A special dispensation: SARS ruling about special trusts

In recent times, the issue of mental health and the importance of caring for vulnerable persons with mental illnesses has become more prominent. Of course, the effect of mental illness on persons may differ depending on the nature of the illness. In the case of very serious forms of mental illness, a person may not be able to look after their own affairs any longer. From a tax perspective, the Income Tax Act, No 58 of 1962 (Act), makes provision for the creation of so-called special trusts, where the trust is created for the benefit of a person who cannot take care of his own affairs due to a disability (Beneficiary), including as a result of a serious mental illness.

18 Jan 2019 3 min read Tax & Exchange Control Alert Article

The trustees of such a trust would then have to administer the assets of the trust in favour of the Beneficiary. In order for a trust to become a special trust, it would have to register with SARS as a special trust. Without delving into detail, the benefit of the special trust dispensation is that in some respects the tax considerations for a special trust, are similar to the tax considerations for an individual, as opposed to the tax considerations that apply to ordinary trusts. For example, the income that accrues to or is received by a special trust during a year of assessment, is calculated with reference to the tax tables applicable to individuals. A special trust is not taxed on income at the rate of 45%, as is the case with ordinary trusts. It also pays capital gains tax on disposals at the same rate as individuals, where the maximum effective rate is currently 18%.

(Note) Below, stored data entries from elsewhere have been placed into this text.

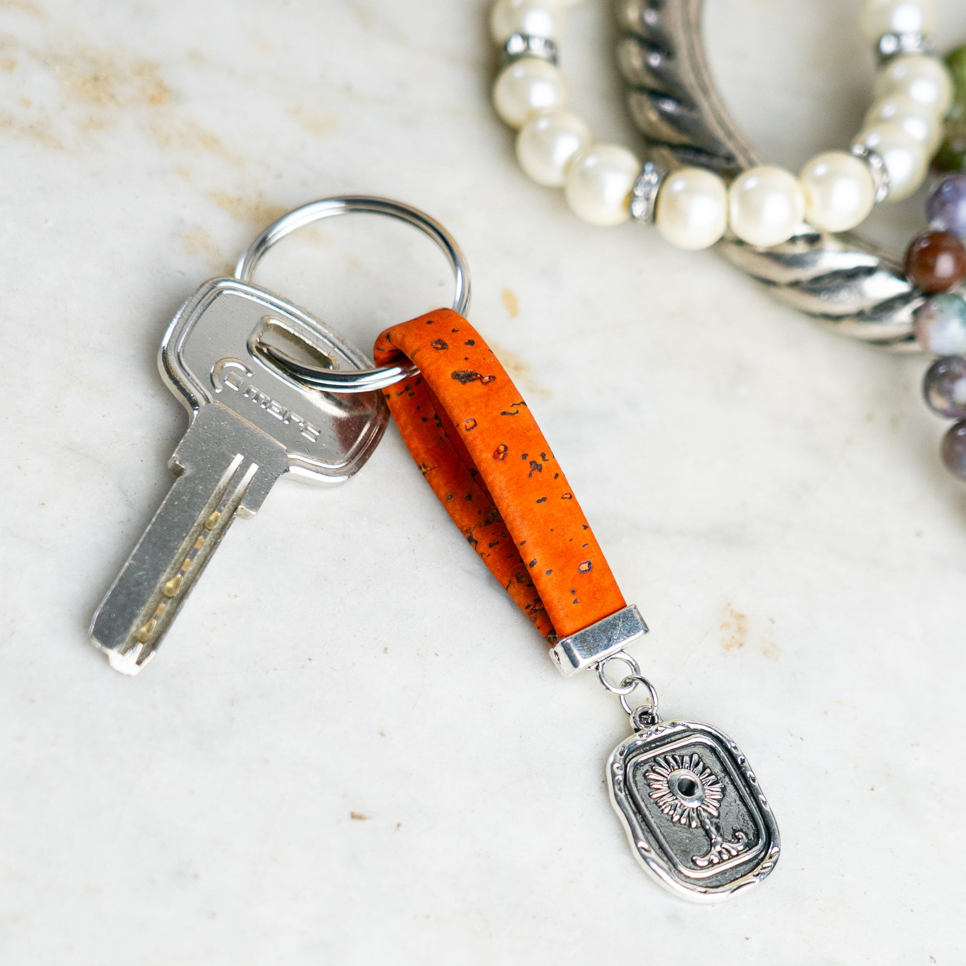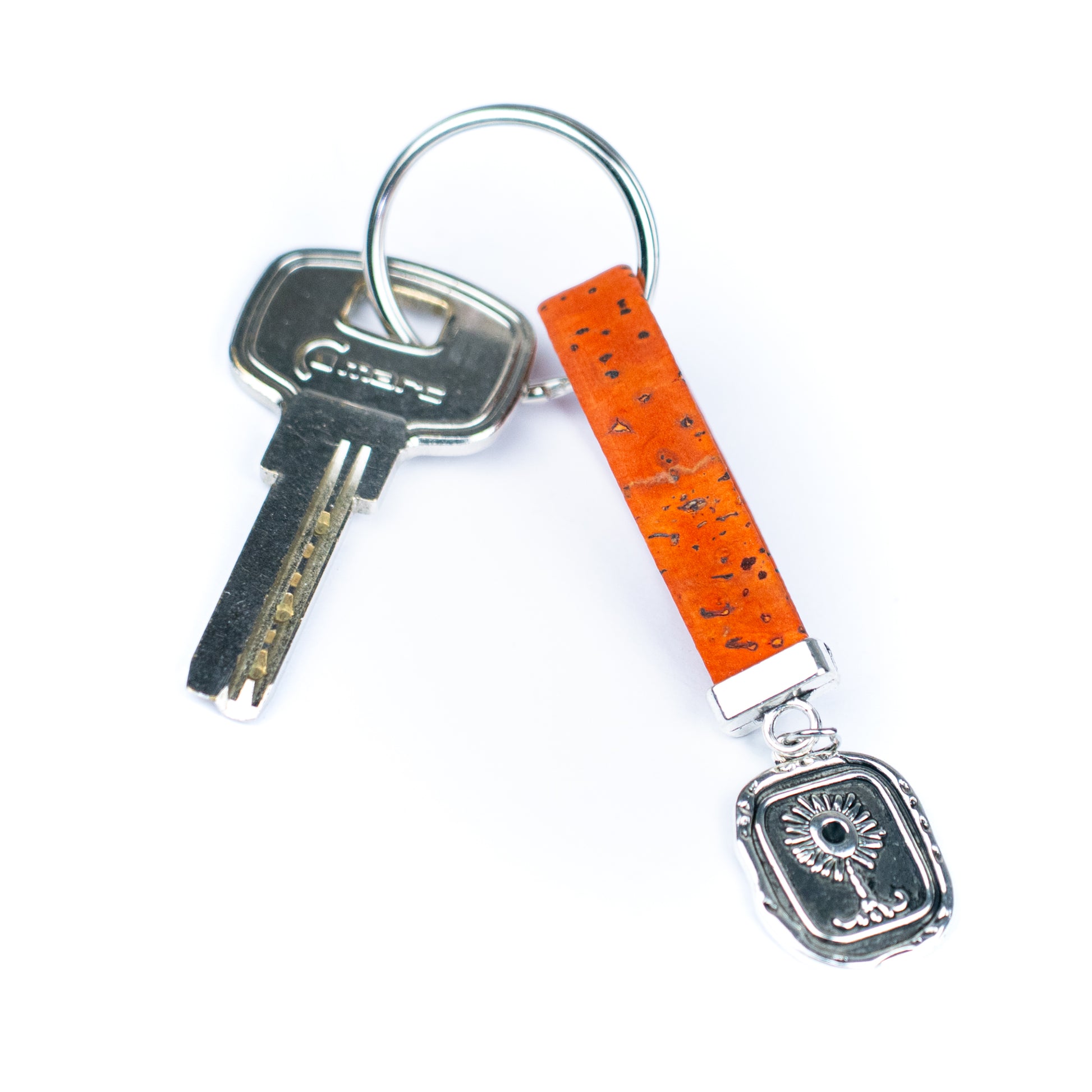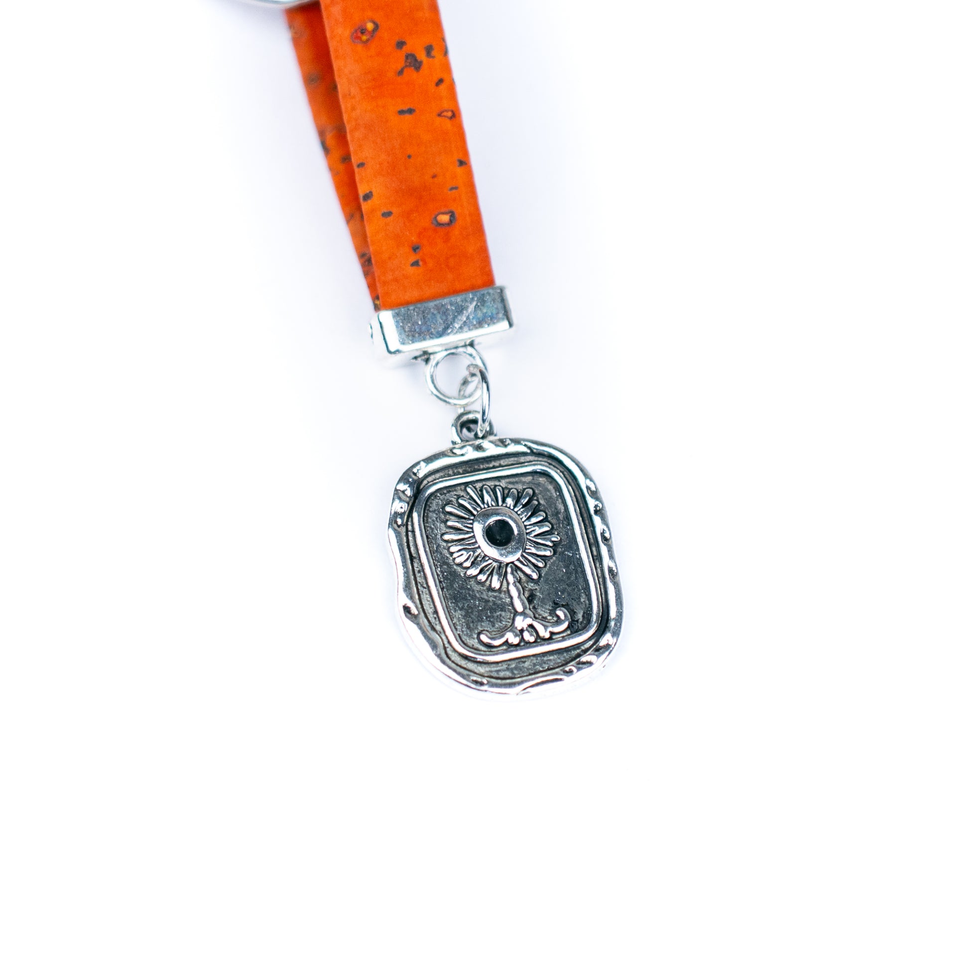 This handcrafted keychain set features 10 individually colored pieces, each made from natural Portuguese cork and adorned with a beautifully detailed sunflower charm – a symbol of positivity, warmth, and hope. The hardware is made of durable alloy, combining sustainability with artisanal elegance.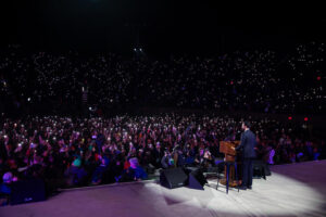Zohran Mamdani speaks at a campaign rally at Forest Hills Stadium in Queens, New York, on 26 October 2025. Photograph: Julius Constantine Motal/The Guardian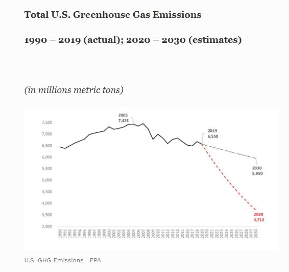 At the 2021 global climate summit, President Biden committed the U.S. to cut its greenhouse gas emissions in half by 2030.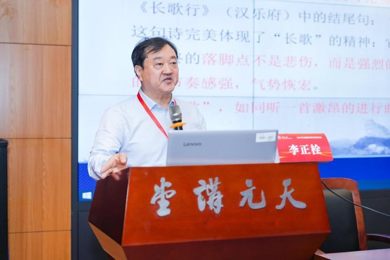 主旨发言环节名家云集,12位学界领军人物带来高水平学术分享。河北师范大学李正栓教授以《乐府〈长歌行〉译者行为比较研究》为题,通过分析安妮・比雷尔与宇文所安的英译本,揭示西方译者在文化重构与哲理传递中的不同侧重。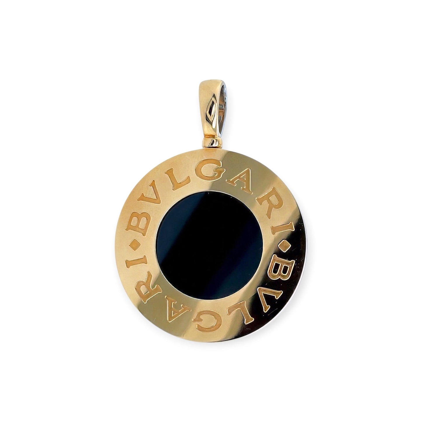 Bulgari Black Onyx Gold Stainless Steel Disc Pendant

On 28 June 2018, SARS released Binding Private Ruling 306 (BPR 306), which deals with the donation of funds to a special trust.

Facts of BPR 306

The facts of BPR306 are as follows:

  • The applicant, described as a resident adult suffering from a debilitating malady (Applicant), suffers from an early onset of dementia, but is currently still lucid and has the capacity to contract.
  • The Applicant will transfer an amount to the trust in order to provide for her future upkeep and wellbeing, which amount transferred does not represent the applicant’s entire estate.
  • The trust, described as a discretionary inter vivos trust, created by the Applicant and registered as a special trust (Trust), provides for primary and secondary beneficiaries.
  • The Applicant is the primary beneficiary and her descendants are the secondary beneficiaries.
  • Both the primary and the secondary beneficiaries are contingent beneficiaries as their rights to receive income or assets are subject to the exercise of the discretion of the Trust’s trustees.
  • The trustees may only exercise their discretion in respect of the secondary beneficiaries on the passing of the primary beneficiary.
  • The purpose of the Trust is to take care of the Applicant when she becomes debilitated by her medical condition, by providing for her care and maintenance.

SARS’s decision in BPR 306

SARS ruled that the amount to be contributed by the Applicant will not constitute a donation as contemplated in s54 and s55 of the Act, and, as a result, no donations tax will be levied.


In the matter of Welch’s Estate v C: SARS 2005 (4) SA 173, the Supreme Court of Appeal held that the legislature did not eliminate from the statutory definition of “donation” the common law requirement that the disposition be motivated by pure liberality or disinterested benevolence and not by self-interest or the expectation of a quid pro quo of some kind from whatever source it may come. SARS may, due to its finding in BPR 306, hold the view that the Applicant made the transfer of assets for her own interest and that it was not motivated by pure liberality or disinterested benevolence because, during her lifetime, the Trust will only benefit the Applicant.